## Code to mount and enumerate files (images) on blob storage

we want to mount not download

https://docs.microsoft.com/en-us/azure/machine-learning/how-to-train-with-datasets#mount-vs-download

In this example I'm going to use my training images that I use for another exercise.  I have folders of images of camping equipment.

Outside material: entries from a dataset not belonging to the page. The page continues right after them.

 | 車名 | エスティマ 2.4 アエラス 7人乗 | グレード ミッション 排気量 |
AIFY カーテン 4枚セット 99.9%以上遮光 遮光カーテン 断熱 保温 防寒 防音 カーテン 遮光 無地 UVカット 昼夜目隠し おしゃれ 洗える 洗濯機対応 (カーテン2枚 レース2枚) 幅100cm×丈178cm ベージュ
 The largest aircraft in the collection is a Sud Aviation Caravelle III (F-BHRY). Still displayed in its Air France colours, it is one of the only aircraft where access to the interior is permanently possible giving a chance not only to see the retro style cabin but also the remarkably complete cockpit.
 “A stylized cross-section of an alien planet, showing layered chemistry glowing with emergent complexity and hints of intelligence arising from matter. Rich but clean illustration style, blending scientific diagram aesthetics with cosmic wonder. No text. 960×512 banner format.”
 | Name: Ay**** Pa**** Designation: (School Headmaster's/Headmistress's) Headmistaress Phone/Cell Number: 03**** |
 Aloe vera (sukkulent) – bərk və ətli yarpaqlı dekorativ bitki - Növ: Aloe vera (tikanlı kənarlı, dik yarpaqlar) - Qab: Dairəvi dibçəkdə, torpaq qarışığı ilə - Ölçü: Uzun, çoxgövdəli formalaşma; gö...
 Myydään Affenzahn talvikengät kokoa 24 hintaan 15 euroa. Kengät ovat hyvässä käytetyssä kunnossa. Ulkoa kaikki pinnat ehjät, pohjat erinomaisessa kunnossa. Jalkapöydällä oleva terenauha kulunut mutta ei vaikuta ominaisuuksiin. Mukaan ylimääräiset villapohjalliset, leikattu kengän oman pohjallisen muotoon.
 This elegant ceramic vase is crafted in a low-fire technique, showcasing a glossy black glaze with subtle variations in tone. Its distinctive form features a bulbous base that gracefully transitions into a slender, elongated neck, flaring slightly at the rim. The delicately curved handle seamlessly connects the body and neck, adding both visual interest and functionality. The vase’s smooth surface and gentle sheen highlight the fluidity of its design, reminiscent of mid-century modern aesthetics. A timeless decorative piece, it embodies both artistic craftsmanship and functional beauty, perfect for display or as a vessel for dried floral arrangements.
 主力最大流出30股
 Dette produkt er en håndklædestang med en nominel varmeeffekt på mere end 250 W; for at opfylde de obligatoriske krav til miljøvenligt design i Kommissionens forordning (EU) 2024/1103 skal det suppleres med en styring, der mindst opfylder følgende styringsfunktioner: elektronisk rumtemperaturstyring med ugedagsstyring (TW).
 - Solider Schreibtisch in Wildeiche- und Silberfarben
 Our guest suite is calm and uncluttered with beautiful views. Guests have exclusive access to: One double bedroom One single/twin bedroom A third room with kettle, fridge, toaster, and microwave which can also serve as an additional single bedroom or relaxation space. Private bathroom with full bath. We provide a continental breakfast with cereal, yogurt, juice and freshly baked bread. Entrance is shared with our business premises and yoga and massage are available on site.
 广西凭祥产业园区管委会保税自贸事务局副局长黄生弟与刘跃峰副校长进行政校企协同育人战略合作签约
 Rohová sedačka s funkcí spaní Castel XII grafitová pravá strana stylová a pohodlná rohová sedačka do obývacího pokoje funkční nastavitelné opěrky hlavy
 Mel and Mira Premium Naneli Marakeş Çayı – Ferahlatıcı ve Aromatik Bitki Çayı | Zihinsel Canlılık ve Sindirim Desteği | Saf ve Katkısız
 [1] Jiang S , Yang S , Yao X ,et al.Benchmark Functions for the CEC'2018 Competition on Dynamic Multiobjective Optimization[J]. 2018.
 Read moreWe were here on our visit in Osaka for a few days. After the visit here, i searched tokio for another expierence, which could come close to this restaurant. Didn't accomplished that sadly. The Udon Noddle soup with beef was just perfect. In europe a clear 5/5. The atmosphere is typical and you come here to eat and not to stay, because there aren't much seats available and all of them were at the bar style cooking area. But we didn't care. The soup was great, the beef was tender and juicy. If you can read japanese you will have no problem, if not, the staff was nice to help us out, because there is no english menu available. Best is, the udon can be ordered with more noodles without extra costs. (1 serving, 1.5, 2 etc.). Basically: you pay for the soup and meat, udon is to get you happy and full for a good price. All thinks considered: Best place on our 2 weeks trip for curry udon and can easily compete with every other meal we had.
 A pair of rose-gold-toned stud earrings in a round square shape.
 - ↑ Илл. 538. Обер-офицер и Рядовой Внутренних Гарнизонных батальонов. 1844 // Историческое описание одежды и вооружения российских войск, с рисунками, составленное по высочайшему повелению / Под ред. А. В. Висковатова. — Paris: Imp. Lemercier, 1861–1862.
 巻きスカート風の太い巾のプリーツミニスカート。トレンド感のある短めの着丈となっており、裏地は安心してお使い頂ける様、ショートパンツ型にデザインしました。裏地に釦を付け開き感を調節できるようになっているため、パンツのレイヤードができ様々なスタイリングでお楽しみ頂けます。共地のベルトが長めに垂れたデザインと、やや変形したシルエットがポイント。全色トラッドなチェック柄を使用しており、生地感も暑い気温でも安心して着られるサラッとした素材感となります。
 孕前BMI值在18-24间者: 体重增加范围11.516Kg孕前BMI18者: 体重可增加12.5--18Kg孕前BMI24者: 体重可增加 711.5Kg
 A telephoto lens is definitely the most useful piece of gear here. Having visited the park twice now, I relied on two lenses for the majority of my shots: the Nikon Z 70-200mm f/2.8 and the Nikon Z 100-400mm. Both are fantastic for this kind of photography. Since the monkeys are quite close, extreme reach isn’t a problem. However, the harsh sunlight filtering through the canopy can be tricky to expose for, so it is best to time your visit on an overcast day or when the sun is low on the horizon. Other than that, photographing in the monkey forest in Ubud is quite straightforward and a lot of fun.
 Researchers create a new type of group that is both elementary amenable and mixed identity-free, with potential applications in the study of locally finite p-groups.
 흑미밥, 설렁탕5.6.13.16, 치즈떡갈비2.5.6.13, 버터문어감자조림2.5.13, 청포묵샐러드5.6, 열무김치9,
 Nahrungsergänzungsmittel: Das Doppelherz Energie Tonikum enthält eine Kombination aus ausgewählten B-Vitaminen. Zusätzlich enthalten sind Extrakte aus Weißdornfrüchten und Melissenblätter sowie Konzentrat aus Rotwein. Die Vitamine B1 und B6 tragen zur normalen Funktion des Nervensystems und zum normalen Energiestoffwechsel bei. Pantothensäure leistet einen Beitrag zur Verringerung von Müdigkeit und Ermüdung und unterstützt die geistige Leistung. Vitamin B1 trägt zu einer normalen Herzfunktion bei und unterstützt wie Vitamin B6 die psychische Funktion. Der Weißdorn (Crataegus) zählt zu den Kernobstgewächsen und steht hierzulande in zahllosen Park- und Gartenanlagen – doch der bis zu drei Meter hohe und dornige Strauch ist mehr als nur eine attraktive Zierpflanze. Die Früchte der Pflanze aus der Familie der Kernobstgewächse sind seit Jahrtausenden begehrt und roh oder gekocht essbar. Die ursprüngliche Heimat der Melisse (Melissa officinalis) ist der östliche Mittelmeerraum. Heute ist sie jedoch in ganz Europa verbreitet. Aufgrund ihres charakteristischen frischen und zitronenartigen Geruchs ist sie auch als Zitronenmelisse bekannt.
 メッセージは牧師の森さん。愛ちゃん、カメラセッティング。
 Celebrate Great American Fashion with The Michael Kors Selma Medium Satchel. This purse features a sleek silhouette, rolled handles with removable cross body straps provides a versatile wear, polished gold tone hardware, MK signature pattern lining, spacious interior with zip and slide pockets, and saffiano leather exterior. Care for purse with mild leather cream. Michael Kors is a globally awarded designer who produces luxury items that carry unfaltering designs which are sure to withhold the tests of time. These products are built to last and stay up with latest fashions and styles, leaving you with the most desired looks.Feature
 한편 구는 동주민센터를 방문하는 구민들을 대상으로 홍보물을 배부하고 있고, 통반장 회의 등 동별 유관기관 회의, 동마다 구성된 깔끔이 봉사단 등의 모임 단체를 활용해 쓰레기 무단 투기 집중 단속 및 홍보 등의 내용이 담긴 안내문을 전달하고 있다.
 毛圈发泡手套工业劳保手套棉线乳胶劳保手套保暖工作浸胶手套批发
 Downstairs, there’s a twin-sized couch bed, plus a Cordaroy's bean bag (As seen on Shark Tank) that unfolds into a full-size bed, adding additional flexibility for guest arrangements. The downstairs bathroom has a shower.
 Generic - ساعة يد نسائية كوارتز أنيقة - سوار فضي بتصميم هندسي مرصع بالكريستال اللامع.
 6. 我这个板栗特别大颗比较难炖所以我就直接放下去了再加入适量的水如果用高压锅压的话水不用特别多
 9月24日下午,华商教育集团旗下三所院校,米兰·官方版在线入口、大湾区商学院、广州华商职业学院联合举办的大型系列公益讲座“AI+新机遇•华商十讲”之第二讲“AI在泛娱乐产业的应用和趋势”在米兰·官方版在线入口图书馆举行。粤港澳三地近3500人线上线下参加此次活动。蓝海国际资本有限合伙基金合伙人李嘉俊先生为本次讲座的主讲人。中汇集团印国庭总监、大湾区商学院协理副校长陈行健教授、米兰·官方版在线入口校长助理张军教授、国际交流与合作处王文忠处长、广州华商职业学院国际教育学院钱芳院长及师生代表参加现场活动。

This SAS token has read/list access to my training data that I want to enumerate using AMLS datasets (filesets)

```code
https://davewdemoblobs.blob.core.windows.net/gear-images?sv=2019-12-12&st=2020-03-10T16%3A15%3A00Z&se=2030-03-11T16%3A15%3A00Z&sr=c&sp=rl&sig=hjISASpvLRY%2F77wvJ04IQmz00dObhQXp%2FP3wYT9y8%2BY%3D
?sv=2019-12-12&st=2020-03-10T16%3A15%3A00Z&se=2030-03-11T16%3A15%3A00Z&sr=c&sp=rl&sig=hjISASpvLRY%2F77wvJ04IQmz00dObhQXp%2FP3wYT9y8%2BY%3D

```



In [1]:
from azureml.core import Workspace, Dataset, Datastore
from azureml.data import OutputFileDatasetConfig
from azureml.data.datapath import DataPath

## change these as needed
subscription_id = '52061d21-01dd-4f9e-aca9-60fff4d67ee2'
resource_group = 'MLOpsWorkshop'
workspace_name = 'mlops'

workspace = Workspace(subscription_id, resource_group, workspace_name)

In [3]:
## build a datastore that points to the storage acct using the SAS token
# https://docs.microsoft.com/en-us/python/api/azureml-core/azureml.core.datastore(class)?view=azure-ml-py#register-azure-blob-container-workspace--datastore-name--container-name--account-name--sas-token-none--account-key-none--protocol-none--endpoint-none--overwrite-false--create-if-not-exists-false--skip-validation-false--blob-cache-timeout-none--grant-workspace-access-false--subscription-id-none--resource-group-none-

datastore_name='training_files' # Name of the datastore to workspace
account_name='davewdemoblobs'
sas_token="sv=2019-12-12&st=2020-03-10T16%3A15%3A00Z&se=2030-03-11T16%3A15%3A00Z&sr=c&sp=rl&sig=hjISASpvLRY%2F77wvJ04IQmz00dObhQXp%2FP3wYT9y8%2BY%3D"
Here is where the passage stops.